Annabelle held a hand up to silence her friend. “I'm sorry, but believe what?”

Dawn meandered toward the soda machine and began filling a paper cup with Coke. “Just that you and Coach discuss things other than the kids.”

The one cup reached its limit, and Dawn stuck another cup to be filled.

“I'm sure I don't know what you mean, Dawn,” Annabelle commented.

The second cup was filled and Dawn placed two plastic lids over the cups. “Oh, I don't either,” she agreed with an airy laugh. “Like you said, this town loves to talk. A lot of it isn't even true. I told you, I don't believe most of it anyway.” She worked the cash register and gave them the total.

Stella had cash thrown down before Dawn could even finish. “Keep the change,” Stella ordered; then she scooped up her drink and nudged Annabelle away from the counter. “That woman is ridiculous.”

Annabelle took a sip of the soda, wishing she'd ordered water when the bubbles mixed with the churning of her stomach.

“Don't listen to a word she says, Annabelle,” Stella warned when Annabelle hadn't said anything. “She and the other one stick their noses in everybody's business because they can't grow out of high school and their husbands ignore them.”

“But what if she's right?” Annabelle mused as they wove around the throngs of people toward the bleachers.

“She's not,” Stella confirmed. “Okay,” she amended. “Let's say, for argument's sake, she is.
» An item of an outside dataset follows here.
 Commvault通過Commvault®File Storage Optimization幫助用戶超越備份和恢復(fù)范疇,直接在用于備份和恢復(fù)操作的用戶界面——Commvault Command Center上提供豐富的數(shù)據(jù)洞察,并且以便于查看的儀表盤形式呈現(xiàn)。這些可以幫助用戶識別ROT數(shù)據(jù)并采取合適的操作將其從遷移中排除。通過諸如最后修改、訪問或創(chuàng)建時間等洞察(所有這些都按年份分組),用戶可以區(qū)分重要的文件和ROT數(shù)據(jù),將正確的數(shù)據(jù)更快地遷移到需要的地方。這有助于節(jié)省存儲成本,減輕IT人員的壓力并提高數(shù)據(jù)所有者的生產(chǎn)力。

So what? Since when have you cared what people have thought?”

Yes, that was true. But what if there was a thread of truth to Dawn's prodding, because that's what it had been. That's what she and Rhonda were best at. Finding out people's dirty little secrets and “accidentally” telling half the town. She cared about the team too much to allow whatever was going on with her and Blake to overshadow their success.

And they would be successful. They had to be because they, and Blake, had everything riding on this season.

T
he Bobcats managed to squeeze out a last-minute win, even though they'd been shut out in the first half. The defense had managed to pull their shit together and did their jobs effectively enough to push back the offense. Cody had executed two beautiful fake passes and the Bobcats had scored two touchdowns in the fourth quarter.
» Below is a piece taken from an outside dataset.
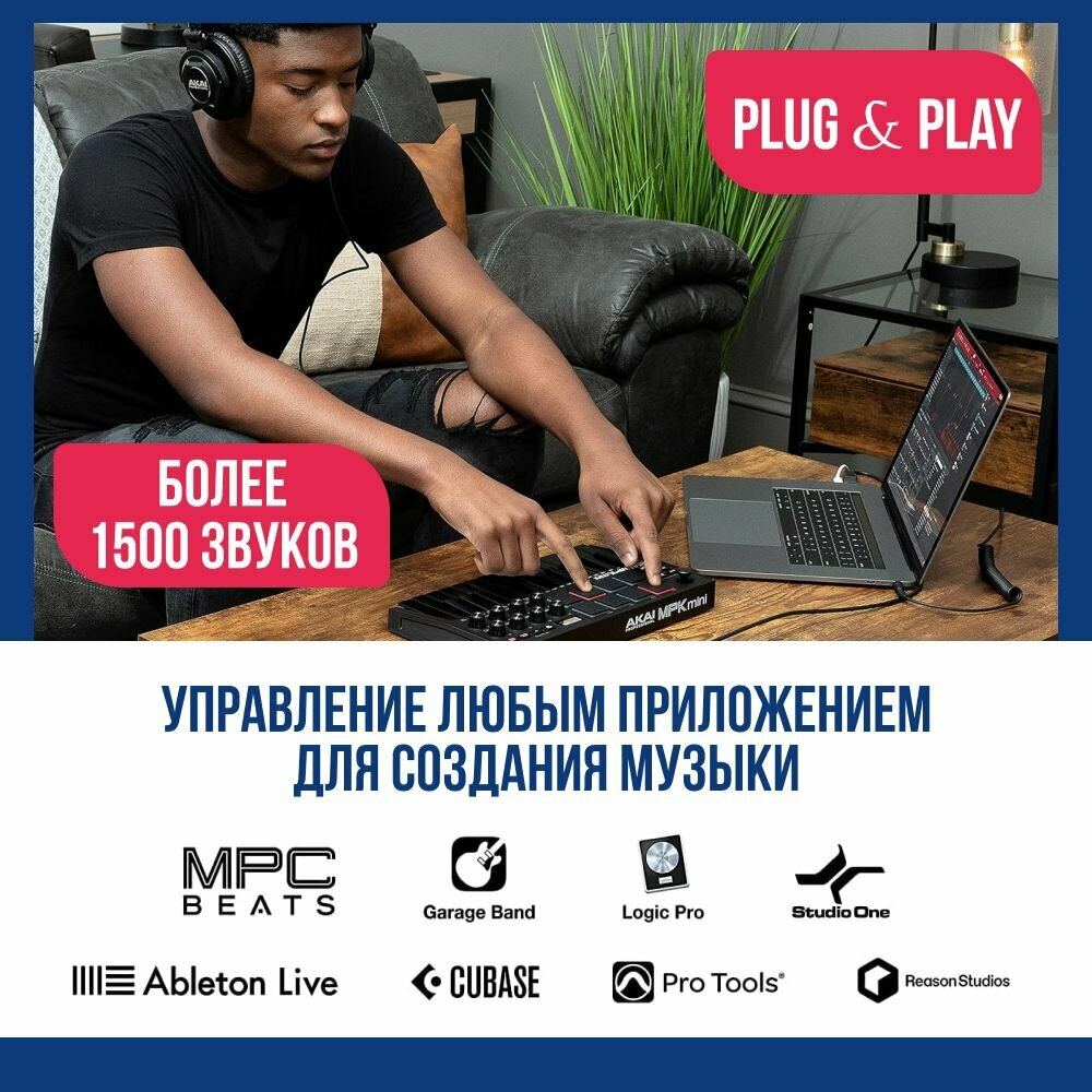 Akai Professional MPK Mini Plus / USB-контроллер MIDI-клавиатуры с 37 мини-клавишами, 8 пэдами MPC

Considering where the team had been during the first week of practice, Blake was pleased. Cautiously optimistic. Not that he was going to have play-off T-shirts made just yet. But if they could keep playing the way they played tonight, they stood a chance. Provided their players could stay healthy. Scott Porter had to be taken out in the third quarter due to tightness in his hamstring.

When Scott had walked off the field, Annabelle's warning had flashed through Blake's mind. Blake had meant what he'd said about not being able to bench Scott. At the same time, Blake knew Scott was one injury away from being taken out for the season. The kid's health weighed as heavily on his mind as the team's performance. As the coach, not only was Blake responsible for the team's record, but also for the kids' safety and well-being. They needed Scott, but Blake didn't want to push him past what his body was capable of.

The parking lot was almost empty as he left the field house. It was late, and his body felt drained from the crash after the adrenaline rush from their win. And his knee was throbbing. Thank goodness he had some Oxy in his car.

Blake strolled toward his truck, keys dangling from one hand and his gym bag in the other. As he approached, he noticed a figure leaning against the driver's side door.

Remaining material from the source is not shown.